***** DATA EXCERPTS
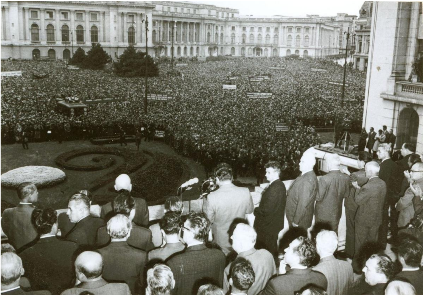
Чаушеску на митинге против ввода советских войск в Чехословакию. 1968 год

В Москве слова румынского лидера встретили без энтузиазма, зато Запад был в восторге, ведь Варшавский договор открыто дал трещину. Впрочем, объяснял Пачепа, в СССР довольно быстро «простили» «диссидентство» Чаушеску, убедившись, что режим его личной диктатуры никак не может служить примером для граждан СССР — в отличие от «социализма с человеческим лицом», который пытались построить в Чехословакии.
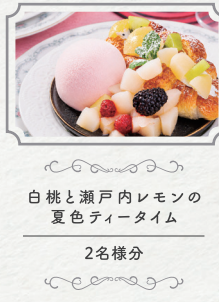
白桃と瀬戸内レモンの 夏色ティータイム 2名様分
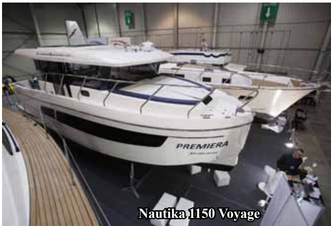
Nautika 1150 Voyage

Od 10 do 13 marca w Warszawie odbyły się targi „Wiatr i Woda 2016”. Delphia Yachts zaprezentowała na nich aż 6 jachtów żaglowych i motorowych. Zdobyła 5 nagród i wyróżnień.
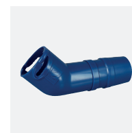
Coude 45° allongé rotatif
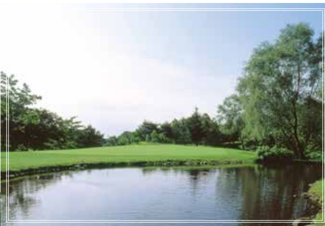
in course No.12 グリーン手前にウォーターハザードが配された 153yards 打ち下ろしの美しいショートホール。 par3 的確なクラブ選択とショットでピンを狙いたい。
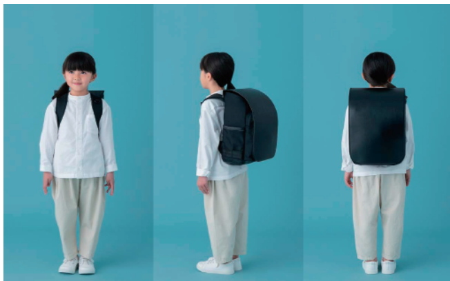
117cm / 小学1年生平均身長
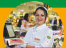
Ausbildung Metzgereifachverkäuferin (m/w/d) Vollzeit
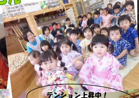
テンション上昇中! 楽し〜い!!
**********
***** DATA EXCERPTS
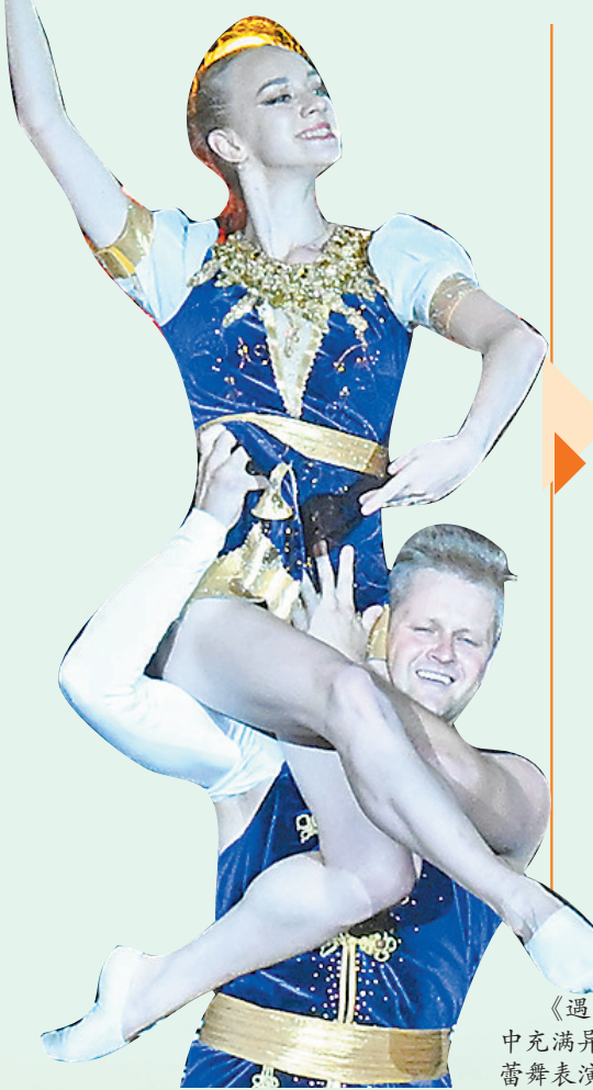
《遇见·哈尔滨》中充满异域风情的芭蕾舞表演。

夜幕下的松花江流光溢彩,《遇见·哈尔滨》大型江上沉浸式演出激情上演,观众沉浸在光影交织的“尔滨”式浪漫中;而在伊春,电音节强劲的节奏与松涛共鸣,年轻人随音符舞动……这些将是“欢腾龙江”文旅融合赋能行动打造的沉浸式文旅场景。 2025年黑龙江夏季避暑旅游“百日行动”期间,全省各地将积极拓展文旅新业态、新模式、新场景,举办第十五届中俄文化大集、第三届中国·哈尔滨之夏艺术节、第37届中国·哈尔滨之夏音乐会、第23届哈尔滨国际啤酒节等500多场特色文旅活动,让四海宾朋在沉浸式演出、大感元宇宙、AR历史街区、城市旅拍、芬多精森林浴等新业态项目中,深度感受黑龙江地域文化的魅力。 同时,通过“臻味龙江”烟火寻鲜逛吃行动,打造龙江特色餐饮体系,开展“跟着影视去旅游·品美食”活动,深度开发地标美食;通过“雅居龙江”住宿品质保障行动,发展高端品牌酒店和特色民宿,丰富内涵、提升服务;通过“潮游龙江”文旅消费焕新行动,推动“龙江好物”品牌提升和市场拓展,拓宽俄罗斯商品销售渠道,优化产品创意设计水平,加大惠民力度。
**********
• PROMPT: Lines from the entries that contain the string "Чаушеску" are what must be copied.

• ANSWER TO THE EXERCISE:
Чаушеску на митинге против ввода советских войск в Чехословакию. 1968 год
В Москве слова румынского лидера встретили без энтузиазма, зато Запад был в восторге, ведь Варшавский договор открыто дал трещину. Впрочем, объяснял Пачепа, в СССР довольно быстро «простили» «диссидентство» Чаушеску, убедившись, что режим его личной диктатуры никак не может служить примером для граждан СССР — в отличие от «социализма с человеческим лицом», который пытались построить в Чехословакии.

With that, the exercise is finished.